The need for a reform
For many of us, it seems ironic that the least invasive forms of digital healthcare technologies are the ones most responsible for eroding our privacy. Further developments in the field of IoT is unidirectional, and as Internet penetration rates continue to rise, it becomes even more impossible for people to go about their daily lives without leaving a digital trace that can be unknowingly picked up by avaricious companies. In an era where data plays an omnipresent role in the lives of any individual, data’s potential grows beyond that of affecting trivial advertisement placements to also influencing important decisions such as an employer’s hiring decisions. Now, more than ever before, data privacy is becoming a topic of concern.
“Big data and AI are racing ahead in medicine,” Says Nicholson Price, assistant professor of law at the University of Michigan. “And right now, law and policy are playing catch-up.” Indeed, as more time passes, it becomes painfully obvious that the implementation of updated data privacy laws thoroughly lags behind the rapid pace of discovery of new technologies which continually find ways to exploit legislative loopholes.

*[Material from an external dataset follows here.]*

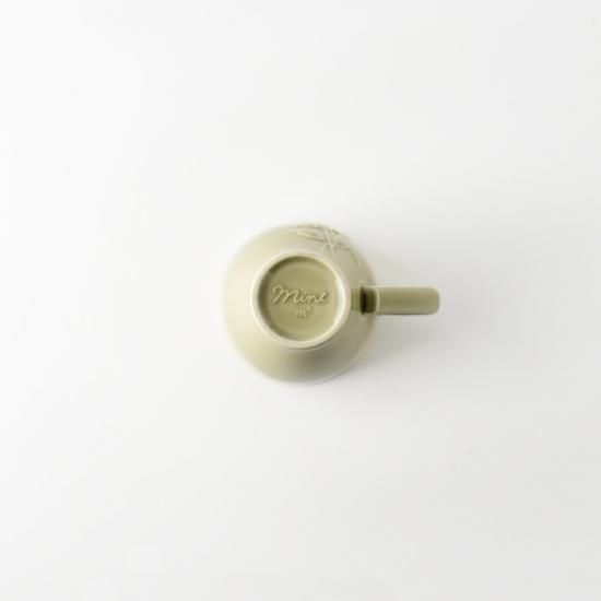 蓋の取手まで葉の形になっていてチャーミングです。ミントプレートと一緒に使ったり、家で過ごす時間や仕事中に温かい飲み物を飲んでほっと一息つくのにぴったり。一枚でも存在感のあるミントシリーズは、ちょっとしたプレゼントにもオススメのアイテムです。

There is an urgent need to reform the (now more than a quarter of a century old) sector-specific regulatory approach of the HIPAA legislation, to one that perhaps anchors protections to the data itself rather than the entities handling the data, similar to that of the European General Data Protection Regulation (GDPR) which can be referenced. Ideally, consent procedures should also create as much transparency as possible regarding the types of data collected as well as the intent behind the collection of the data.
Though a slow and arduous process, steps have already been taken to implement more comprehensive legislation that will better safeguard patient data. As of 1st January 2020, the California Consumer Privacy Act was enacted, allowing residents to access personal information collected about them digitally and to opt out of the commercialization of their personal data. Extensive efforts will be needed to understand how these protections will be interpreted, adopted, enforced, and replicated or expanded elsewhere in the US or possibly even in the world. Until then, we might just have to live with the reality of “being both the product and the customer that pays for the product,” as Knudsen, chair of Jefferson’s cancer center, tactfully puts it. Let this article serve as a reminder for us to be mindful of the information we make available online, lest our most intimate secrets be turned into a commodity for sale.